We lost a node (hard failure). A StatefulSet pod rescheduled to a new node, but it never came up.

What I saw:

  • Pod stayed in ContainerCreating.
  • Events alternated between “waiting for volume attachment” and “multi-attach”.
  • VolumeAttachment objects piled up with old node references.

The actual root cause was not “the disk is broken”. The CSI controller path was degraded: the external-attacher was running with a single replica and got evicted during the chaos. That left finalizers stuck, so attachments/detachments didn’t converge.

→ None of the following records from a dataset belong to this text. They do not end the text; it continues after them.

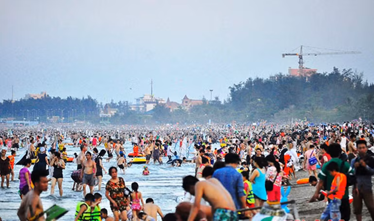Biển Cửa Lò tập trung nhiều người đến tránh nắng.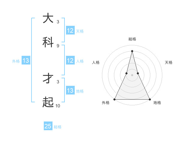 大科 才起さんの外格は13画の5点!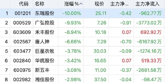 猪肉股跌幅居前,东瑞股份跌停,广弘控股跌超9%,唐人神、天康生物、巨星农牧跌幅居前。

Constraint: this was a stateful workload. A wrong “force” action can cause data corruption. I needed a runbook that makes “safe vs risky” explicit.

Timeline

  • T-0: Node fails; StatefulSet pod reschedules.
  • T+10m: Pod stuck in ContainerCreating; I check Pod events.
  • T+20m: I identify the PV/PVC and the related VolumeAttachment objects.
  • T+30m: VolumeAttachment shows old node attachment state; finalizer not progressing.
  • T+45m: Mitigation: restore CSI controller health (external-attacher back up) and wait for clean detach/attach.
  • T+90m: Pod starts; volume shows attached to the new node.
  • T+1d: Fix: make CSI controllers HA + add alerts on stuck VolumeAttachments.

Mechanism: why VolumeAttachment is the “truth” during CSI incidents

Pods don’t attach volumes; controllers do

For CSI, the attach/detach flow is coordinated by controllers and tracked as objects:

  • PVC/PV describe what you want.
  • VolumeAttachment represents the attach intent and state for a specific node.
  • CSI side components (external-attacher, external-provisioner) and the kube-controller-manager drive the state machine.

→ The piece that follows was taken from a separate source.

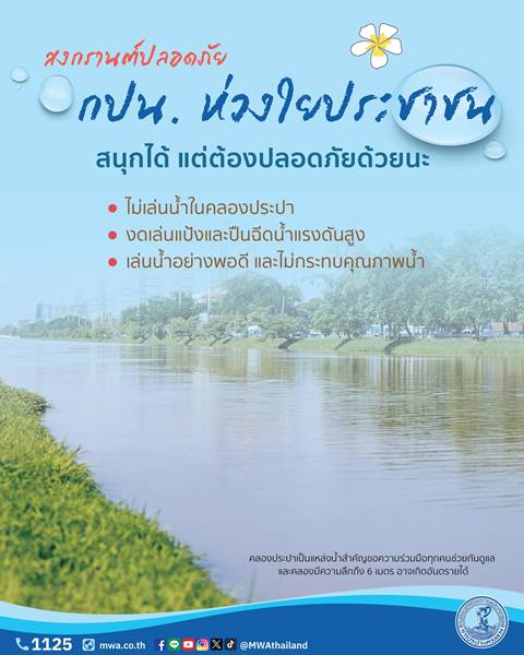 กปน. ห่วงใยประชาชน เตือน “สงกรานต์ปลอดภัย” งดเล่นน้ำคลองประปา มีโทษปรับ-จำคุก

Finalizers exist so Kubernetes doesn’t “forget” about an attachment before the driver confirms detach. That’s good — but when the controller path is unhealthy, finalizers become a wedge.

Common failure modes

  1. Multi-Attach
  • Many block volumes support a single attach.
  • If a node dies and the volume is still marked attached, the new node can’t attach.
  1. CSI controller path degraded
  • external-attacher not running / stuck / no leader
  • RBAC or cloud API errors
  • control-plane congestion
  1. Node is NotReady but not really gone
  • Kubernetes still thinks the node exists; detach can take a long time.
  • Force detach too early risks two nodes writing the same volume.

Runbook: from Pod symptom to safe recovery

What to check first

1) Pod events (they usually tell you which volume)

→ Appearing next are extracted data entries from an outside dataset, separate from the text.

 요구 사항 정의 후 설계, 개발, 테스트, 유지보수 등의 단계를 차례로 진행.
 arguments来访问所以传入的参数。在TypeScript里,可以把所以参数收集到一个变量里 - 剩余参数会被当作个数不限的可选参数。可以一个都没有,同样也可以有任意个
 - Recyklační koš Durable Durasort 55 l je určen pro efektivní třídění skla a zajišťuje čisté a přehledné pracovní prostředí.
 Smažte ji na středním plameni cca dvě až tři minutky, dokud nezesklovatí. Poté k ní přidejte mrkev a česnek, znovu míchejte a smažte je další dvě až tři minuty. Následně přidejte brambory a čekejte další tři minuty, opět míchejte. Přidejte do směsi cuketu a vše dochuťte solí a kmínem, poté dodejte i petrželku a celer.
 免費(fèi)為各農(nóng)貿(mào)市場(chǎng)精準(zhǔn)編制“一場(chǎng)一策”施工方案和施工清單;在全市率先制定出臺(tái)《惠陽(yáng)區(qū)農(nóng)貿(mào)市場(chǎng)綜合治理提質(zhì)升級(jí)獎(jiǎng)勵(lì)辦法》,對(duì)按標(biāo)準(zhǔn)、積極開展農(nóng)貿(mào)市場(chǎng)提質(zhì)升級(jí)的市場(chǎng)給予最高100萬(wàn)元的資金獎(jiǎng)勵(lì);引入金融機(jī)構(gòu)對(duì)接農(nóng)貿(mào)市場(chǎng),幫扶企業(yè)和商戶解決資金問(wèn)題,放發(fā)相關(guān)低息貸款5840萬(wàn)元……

kubectl -n <ns> describe pod <pod> | sed -n '/Events:/,$p'

Look for lines like:

  • AttachVolume.Attach failed
  • Multi-Attach error
  • timed out waiting for the condition

2) Identify PVC and PV

kubectl -n <ns> get pod <pod> -o jsonpath='{.spec.volumes[*].persistentVolumeClaim.claimName}{"\n"}'
kubectl -n <ns> get pvc <pvc> -o wide
kubectl get pv <pv> -o wide

3) Inspect VolumeAttachment objects (cluster-scoped)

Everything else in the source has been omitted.